San Anto is pura pocha.
Pocha is code-switching from Spanish to English without flinching.
Pocha is eating a mangonada in your Ford truck, windows rolled down, while listening to Techno Cumbia down Commerce Street.
Pocha is drinking a Big Red con tu barbacoa.
Pocha is Spanish without italics.
Viva Fiesta? Very pocha.
It’s also very pocha of you to like flour tortillas.
Pocha is you, even if you’re not Chicano, and especially if you’re living in San Antonio.
It’s not always been this hip to be pocha. I was reprimanded – years ago at a former place of employment – for posting a code-switching flyer to social media. Now, ad executives are making big bucks mixing English and Spanish.
Pocha once described Chicanos who don’t speak Spanish correcta-mundo. Now, pocha is a term used more broadly to describe the trans-border culture that merges American identity with Mexicanidad.
I love my pocha-self.
I never knew I was a pocha until 1993. I was a junior at Southern Methodist University and well into my acting conservatory program. My professors trained me to sound neutral, to erase any vocal trace of my border upbringing in the Rio Grande Valley. Then, I was cast in my first professional play by a Mexican director who told me I sounded too white. I wasn’t Mexican enough outside of school. I wasn’t white enough in school.
It was around 1993 when Guillermo Gómez-Peña, a MacArthur “Genius” Fellow, founded La Pocha Nostra as a way to confront border politics through art. Since then, he has developed a network of artistic collaborators across the world.
Gómez-Peña has built this network through open-sourcing his craft. He shares his artistic language with other rebel artists to combat artificial walls built across nations, across cultures.
Pocha Nostra’s pedagogical method is ritualistic and inter-disciplinary: writers work alongside actors, musicians, and visual artists to create image-driven testimonial performance. Their work riffs through border motifs, venturing into vital connections between artist and community. Their work resonates cross-culturally.
This week, they are sharing their radical “artivist” diplomacy in San Antonio. Their next stop is Haiti.
When Gómez-Peña says San Antonio aloud, it’s like he is whispering into a lover’s ear. Over the years, Gómez-Peña has developed an artistic love affair with our city: two projects with Jump-Start Performance Co., a performance at last year’s Luminaria, and several keynotes with local organizations such as the National Association for Latino Arts and Cultures and University of Texas at San Antonio.

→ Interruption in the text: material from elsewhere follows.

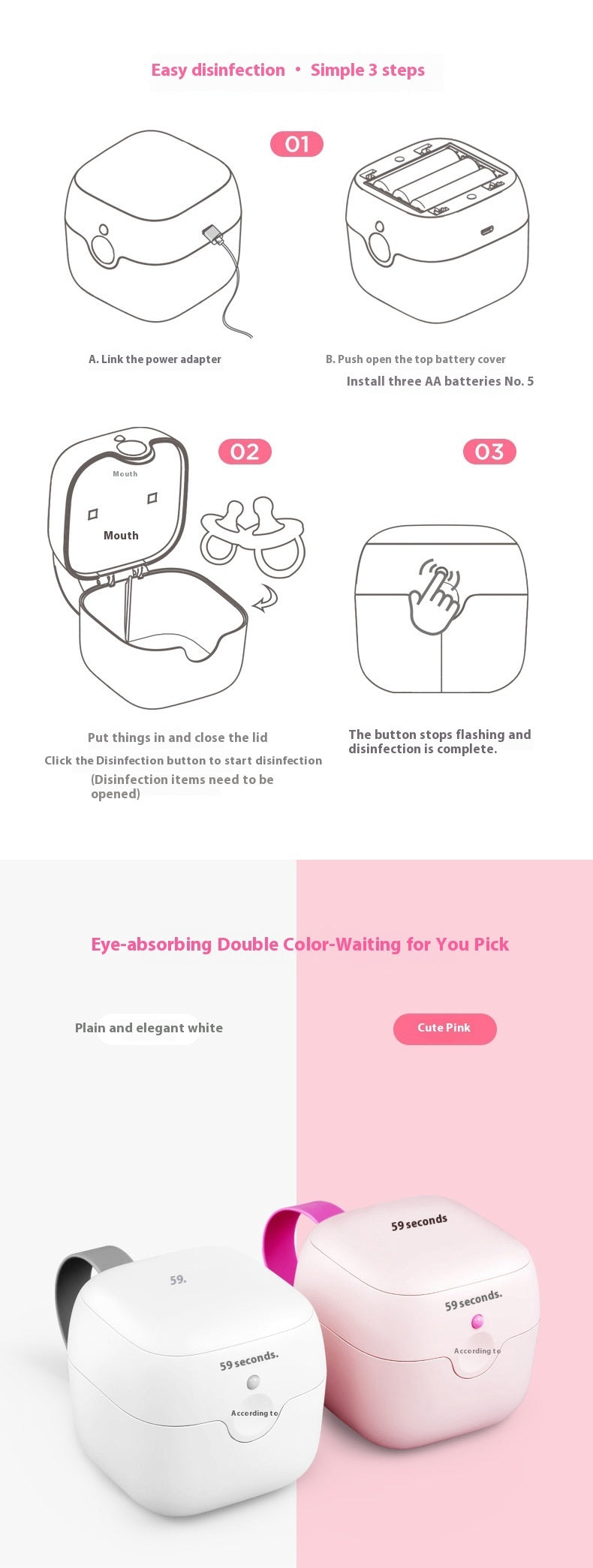 59 Seconds LED UV Mini Disinfection Box Pacifier Sterilizer

You have two chances to catch La Pocha Nostra in action this weekend.
Performance Information:
Friday, Nov. 18 at 8 p.m., free admission
Saturday, Nov. 19 at 8 p.m., $5 admission at the door
Both performances at Northwest Vista College: Palmetto Center for the Arts, 3535 N. Ellison (Wiseman Blvd. at Highway 151).
Gómez-Peña, in town with Pocha Nostra artists Balitronica Gomez and Saul Garcia Lopez, is conducting a four-day workshop with San Antonio artists and students from Northwest Vista College. The workshop will culminate in a public performance jam on Friday night.
On Saturday night, Garcia Lopez, a “Chicanadian” living in Toronto, will embody Xochipilli, the Aztec god of corn, while Balitronica performs a ceremonial homage to the body as colonized terrain. Pocha describes the work as “daring shamanic and psychomagic actions…a ritual of social transformation.”
Audience members are frequently called upon to participate during Pocha Nostra performances. It is not your traditional theatrical experience. Be ready to embrace your pocha-self.